* Task statement:
Return exactly the lines of the data below, from the one that contains "特徴的なのは走行安定性に優れ" through the final line, and leave out every picture.

* The data:
-=-=-=-=-

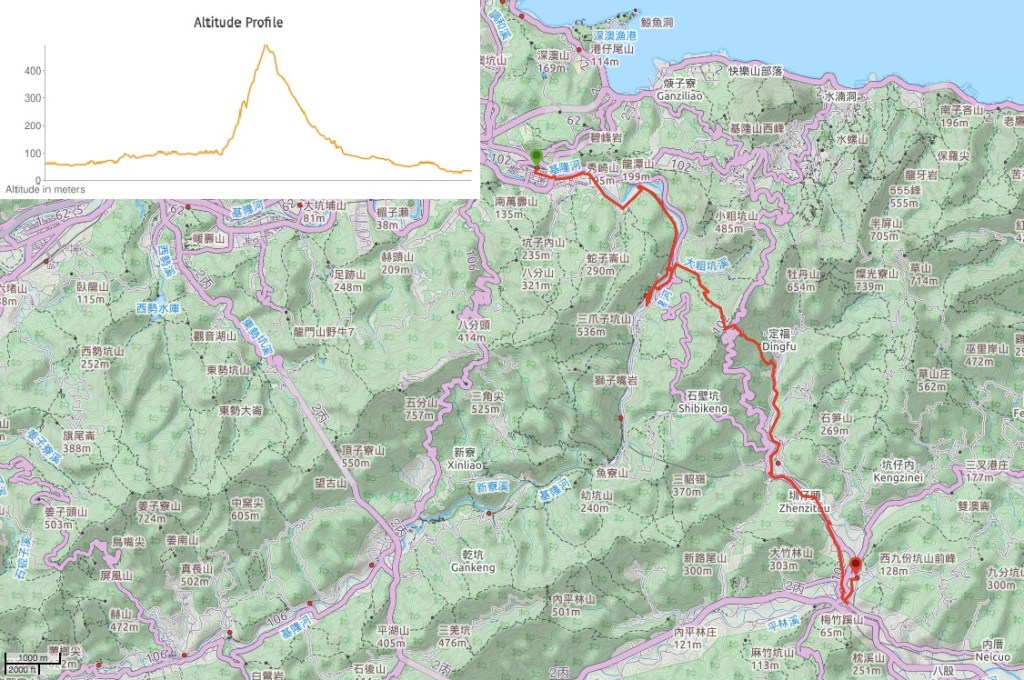 TOTAL ASCENT: 500-600 metres, (tracking problems again), almost all of this climb and the subsequent descent was done on the Jinzibei Trail.
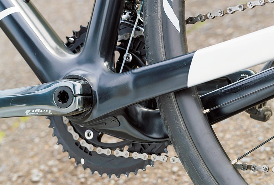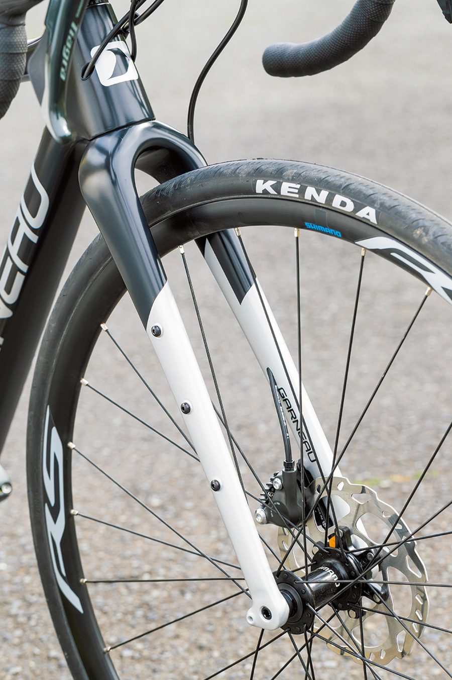 特徴的なのは走行安定性に優れたジオメトリーをもつフレームだ。標準的なロードバイクよりも20mmほど延長したリアセンターにより、オンロードから未舗装路へとボーダレスにライディングを楽しむことができる。最大40Cのタイヤも使用可能で、よりハードな路面にも対応できる。
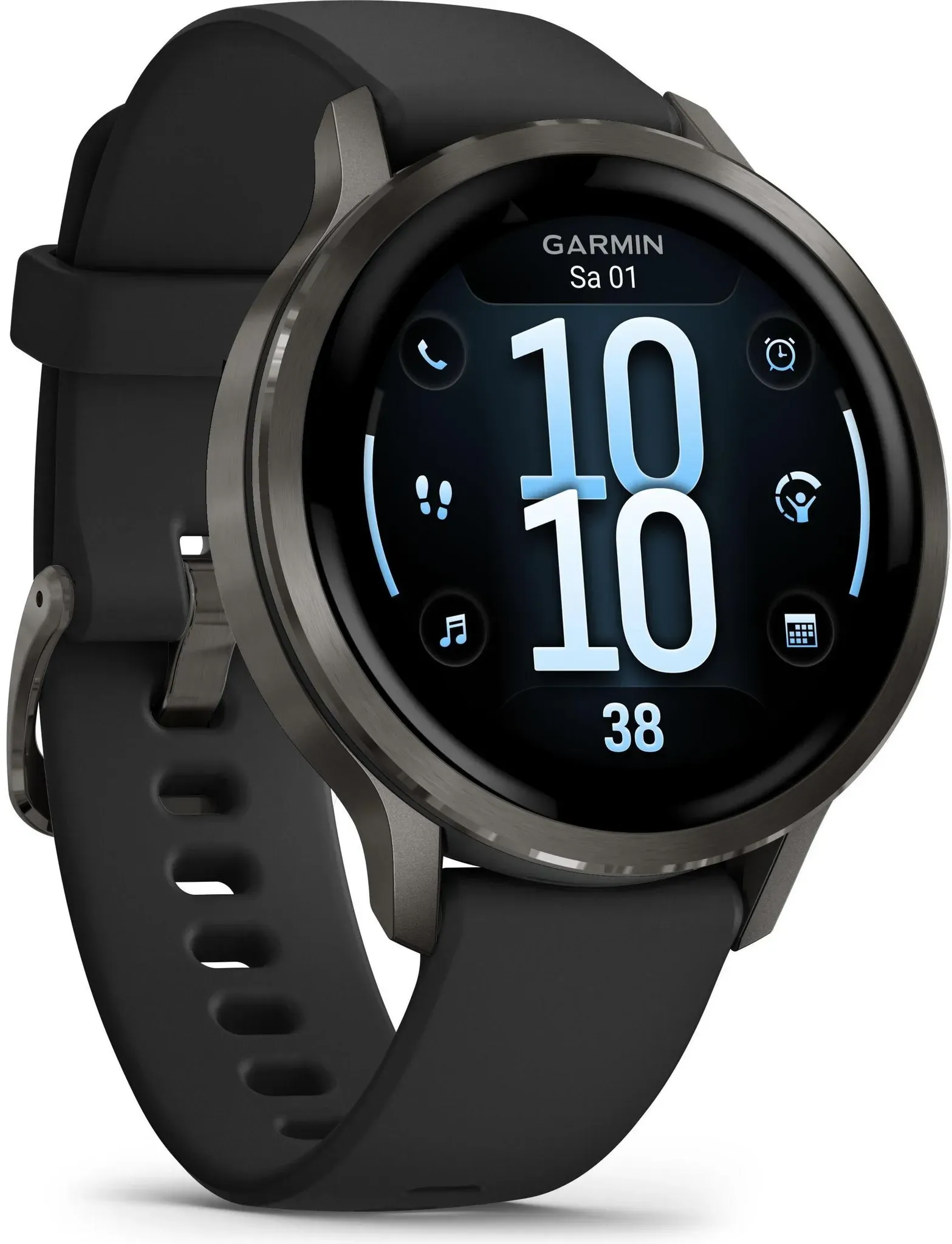 Sofort lieferbar, Lieferzeit max. 1-3 WerktageGarmin Venu 4 - 41 mm Schwarz/Schiefergrau mit Schnellwechsel-Silikon-Armband 18 mm

-=-=-=-=-

* Expected answer:
 特徴的なのは走行安定性に優れたジオメトリーをもつフレームだ。標準的なロードバイクよりも20mmほど延長したリアセンターにより、オンロードから未舗装路へとボーダレスにライディングを楽しむことができる。最大40Cのタイヤも使用可能で、よりハードな路面にも対応できる。
 Sofort lieferbar, Lieferzeit max. 1-3 WerktageGarmin Venu 4 - 41 mm Schwarz/Schiefergrau mit Schnellwechsel-Silikon-Armband 18 mm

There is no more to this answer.